→ **Work to be completed**
Aside from the pictures, copy the listing exactly.

→ **Data**
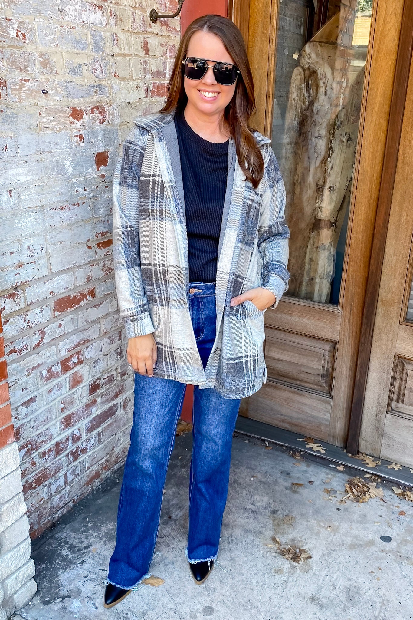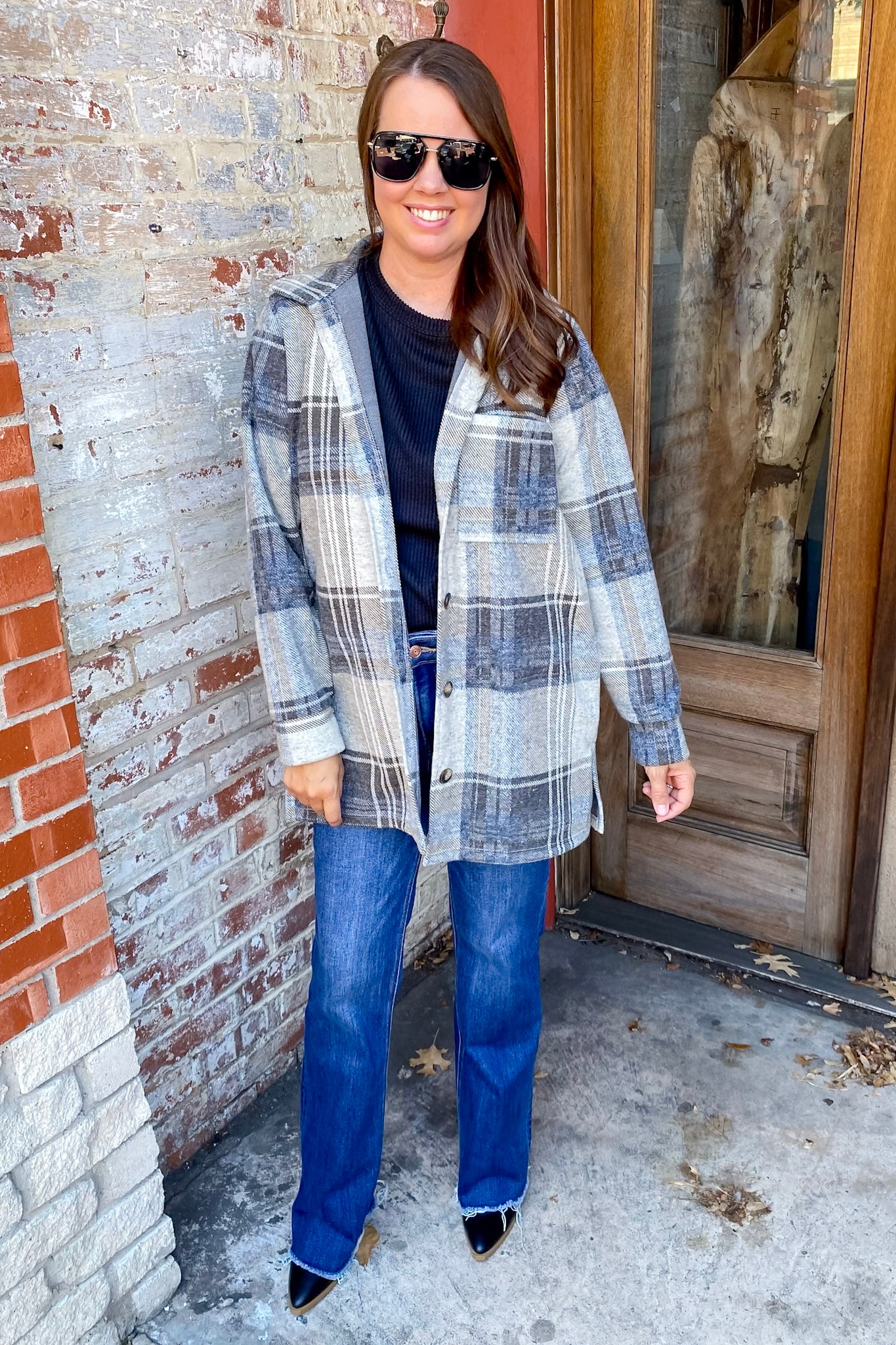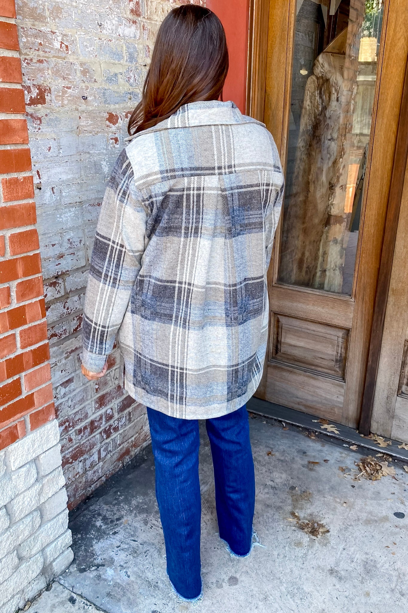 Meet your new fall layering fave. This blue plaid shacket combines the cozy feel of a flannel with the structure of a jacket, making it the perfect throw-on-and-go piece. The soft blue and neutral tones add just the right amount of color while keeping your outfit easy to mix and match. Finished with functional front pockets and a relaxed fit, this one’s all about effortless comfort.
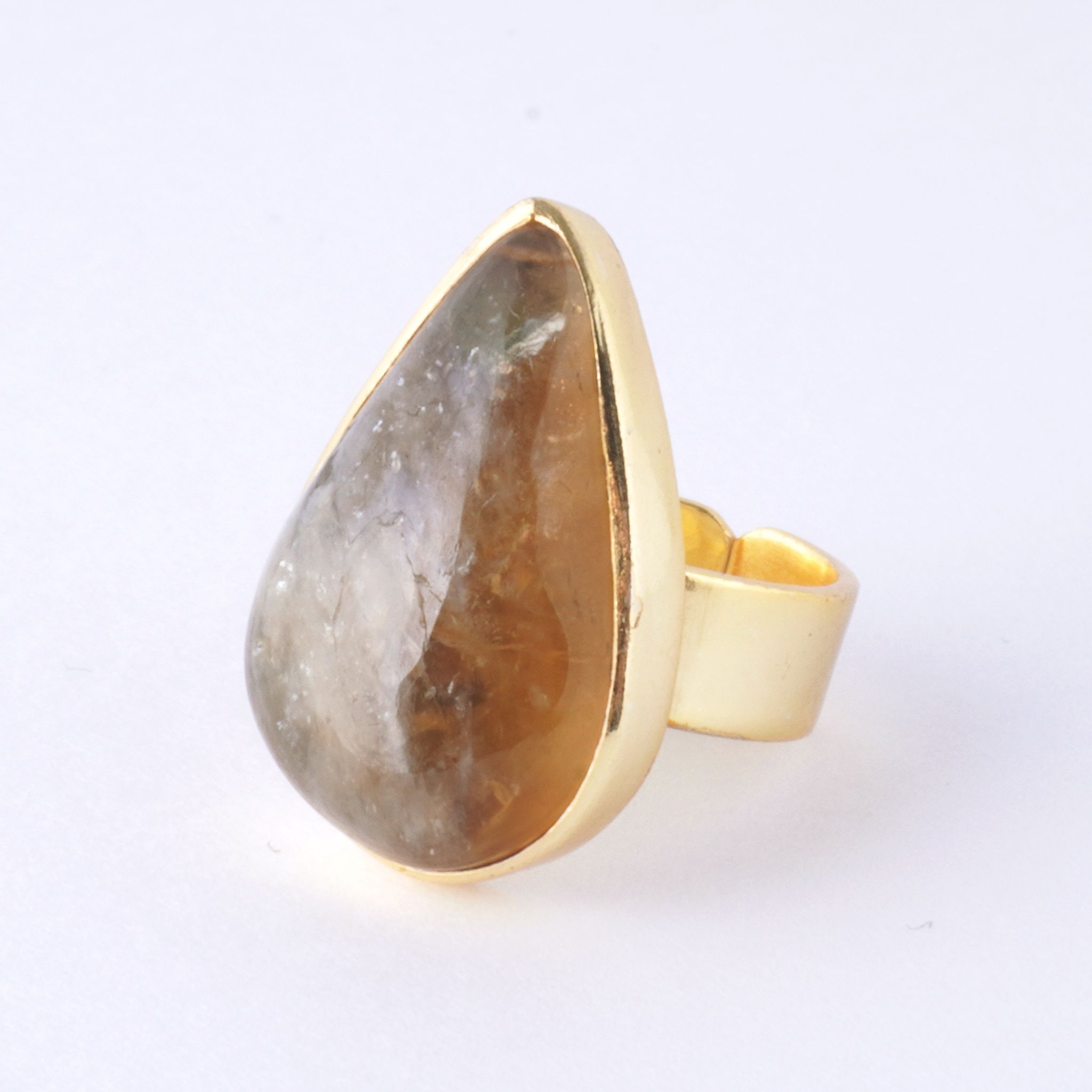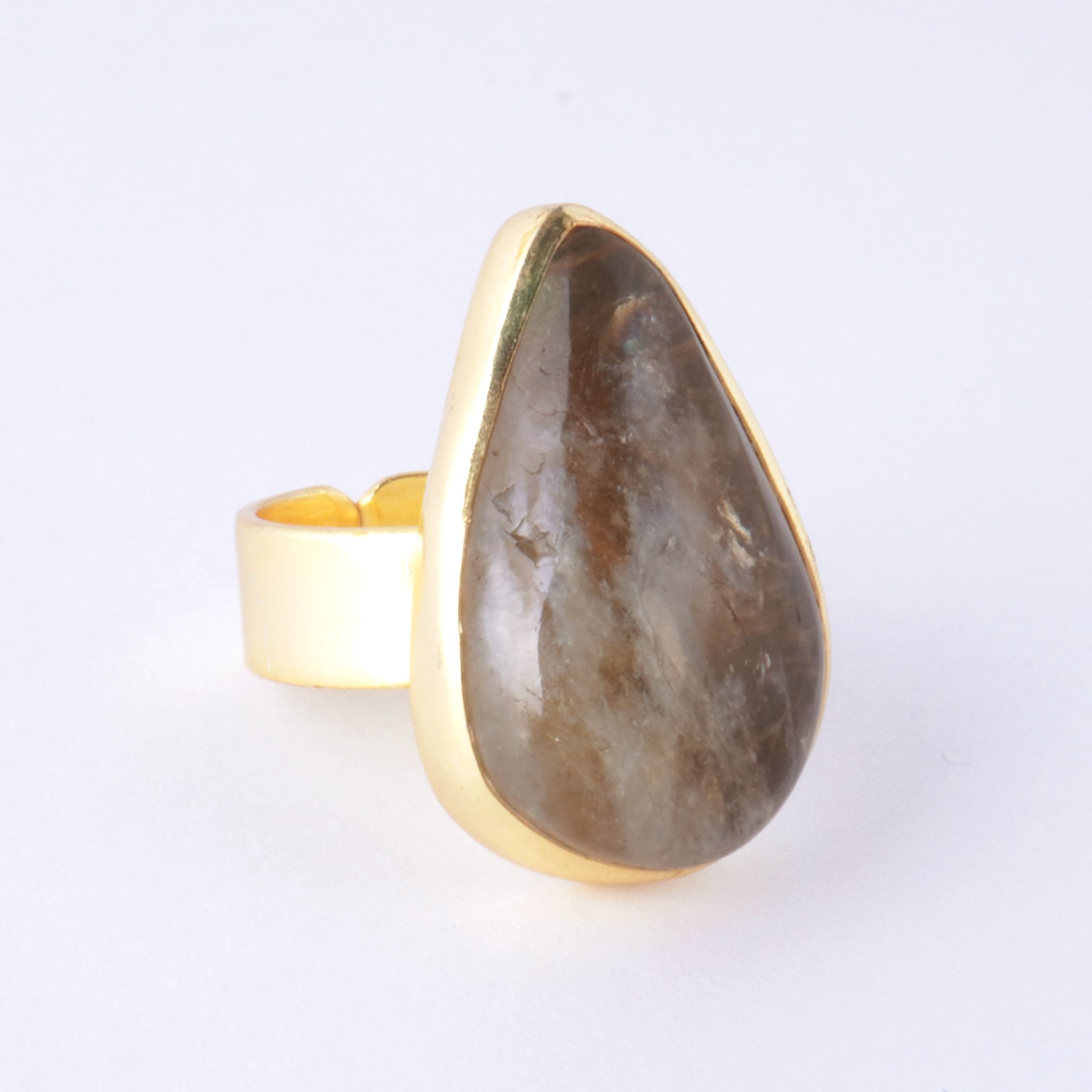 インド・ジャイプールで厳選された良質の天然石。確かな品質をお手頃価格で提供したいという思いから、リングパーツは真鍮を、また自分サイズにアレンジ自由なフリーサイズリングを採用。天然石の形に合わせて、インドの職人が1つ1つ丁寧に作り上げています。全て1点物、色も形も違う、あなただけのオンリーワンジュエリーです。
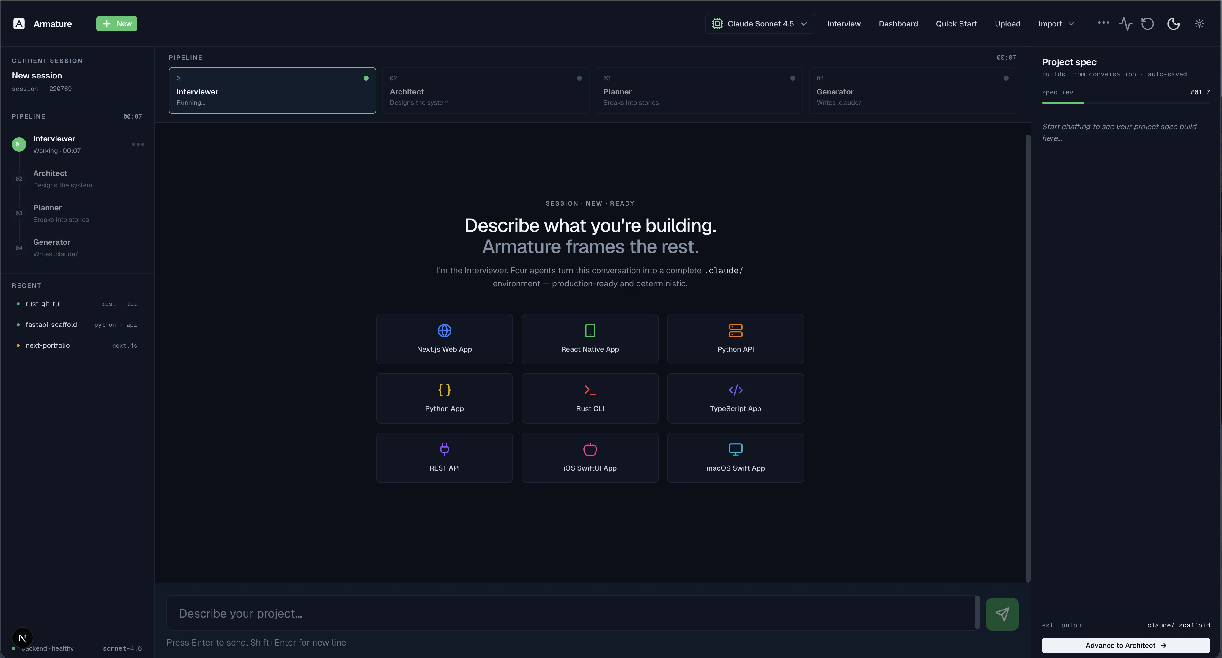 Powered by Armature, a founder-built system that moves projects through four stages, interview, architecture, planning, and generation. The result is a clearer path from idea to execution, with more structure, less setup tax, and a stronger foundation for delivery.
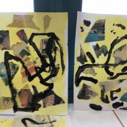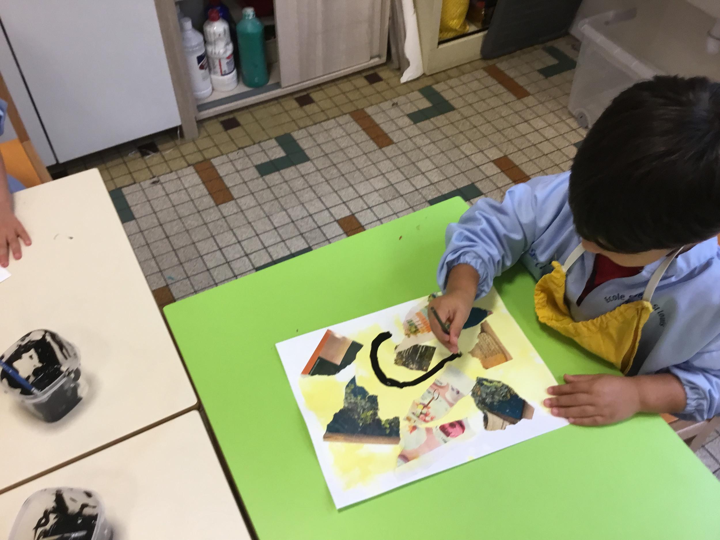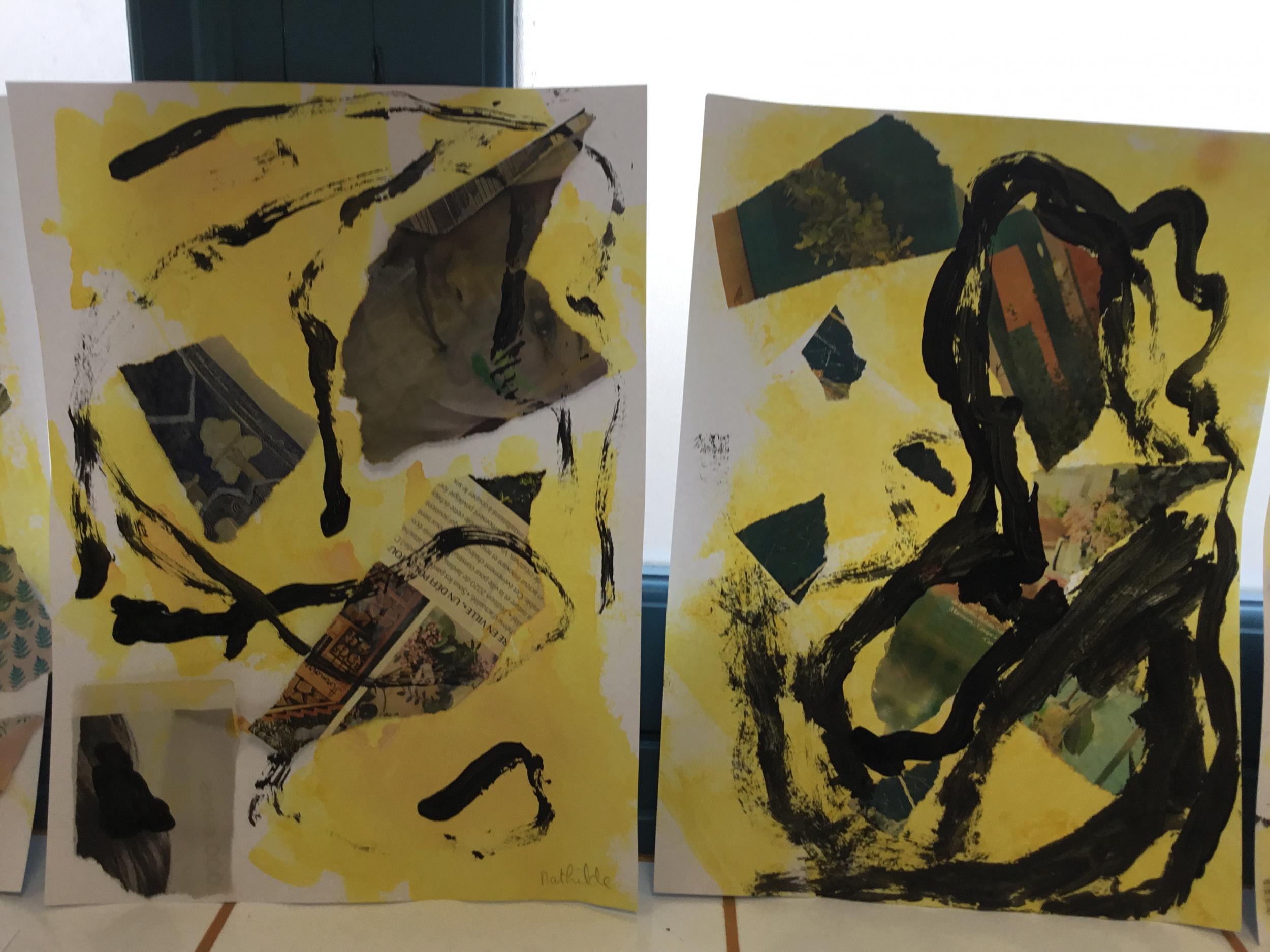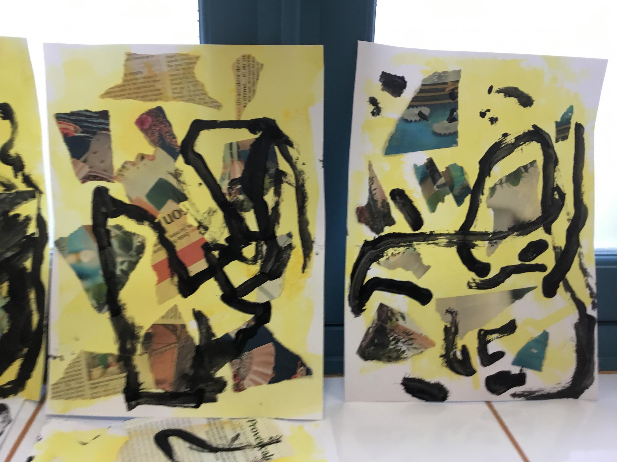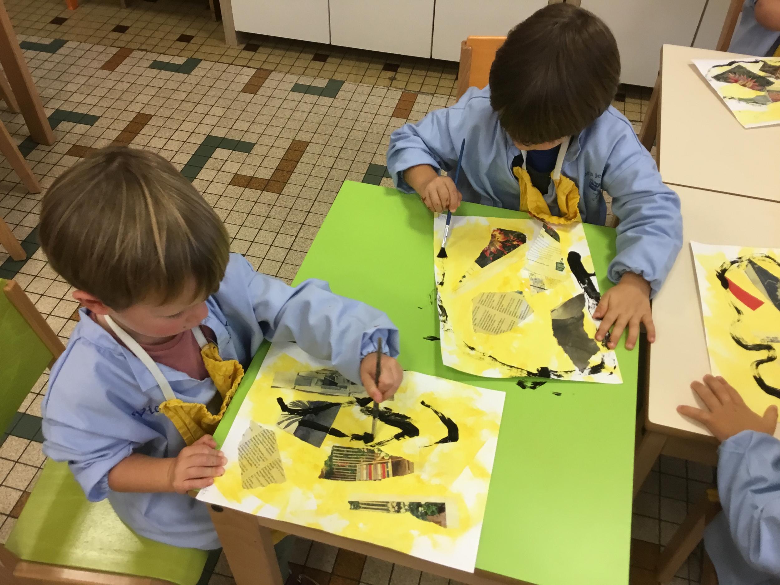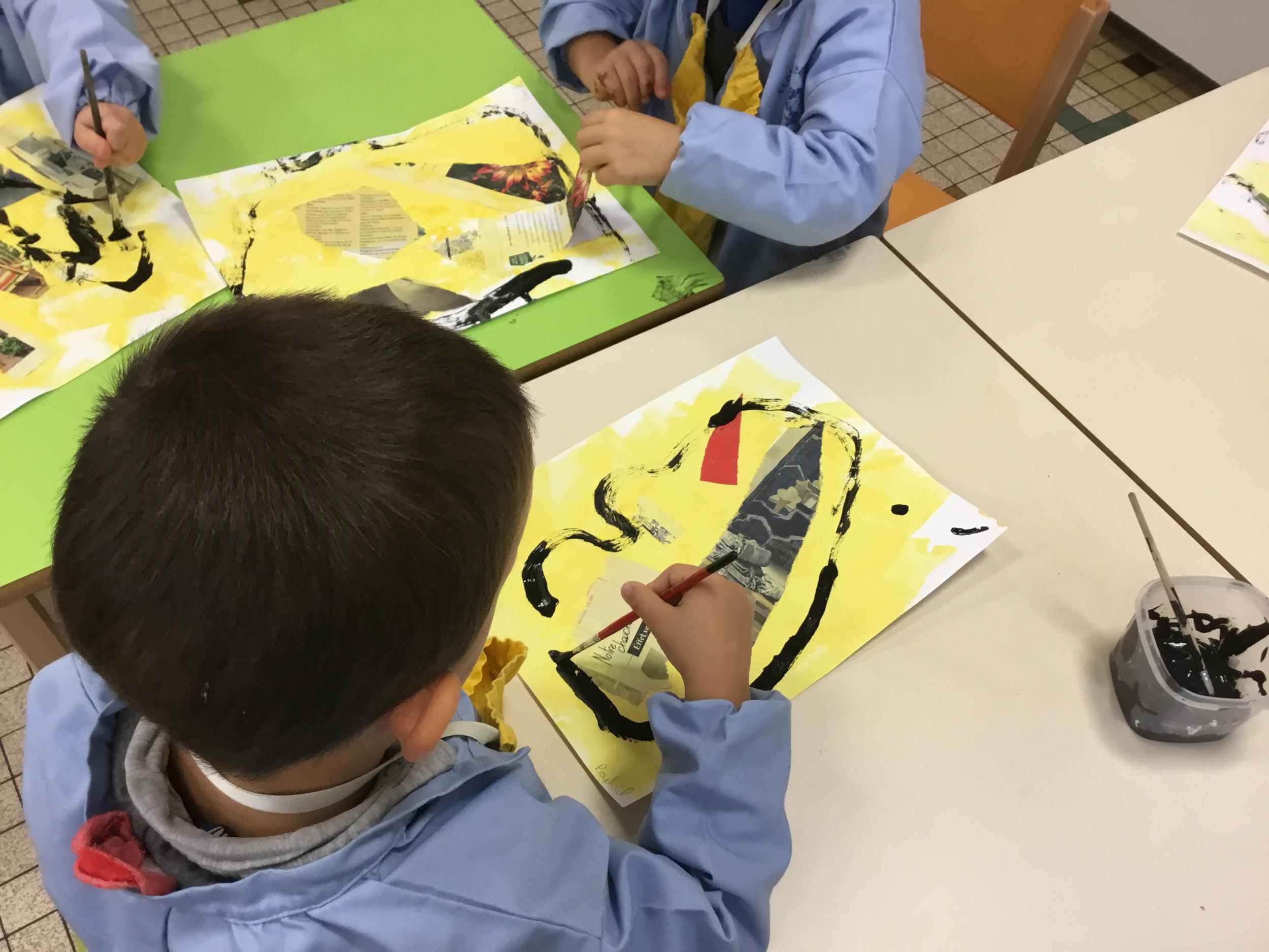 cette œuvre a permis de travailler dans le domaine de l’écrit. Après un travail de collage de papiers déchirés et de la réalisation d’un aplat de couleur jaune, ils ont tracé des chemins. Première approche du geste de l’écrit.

→ **Task response**
 Meet your new fall layering fave. This blue plaid shacket combines the cozy feel of a flannel with the structure of a jacket, making it the perfect throw-on-and-go piece. The soft blue and neutral tones add just the right amount of color while keeping your outfit easy to mix and match. Finished with functional front pockets and a relaxed fit, this one’s all about effortless comfort.
 インド・ジャイプールで厳選された良質の天然石。確かな品質をお手頃価格で提供したいという思いから、リングパーツは真鍮を、また自分サイズにアレンジ自由なフリーサイズリングを採用。天然石の形に合わせて、インドの職人が1つ1つ丁寧に作り上げています。全て1点物、色も形も違う、あなただけのオンリーワンジュエリーです。
 Powered by Armature, a founder-built system that moves projects through four stages, interview, architecture, planning, and generation. The result is a clearer path from idea to execution, with more structure, less setup tax, and a stronger foundation for delivery.
 cette œuvre a permis de travailler dans le domaine de l’écrit. Après un travail de collage de papiers déchirés et de la réalisation d’un aplat de couleur jaune, ils ont tracé des chemins. Première approche du geste de l’écrit.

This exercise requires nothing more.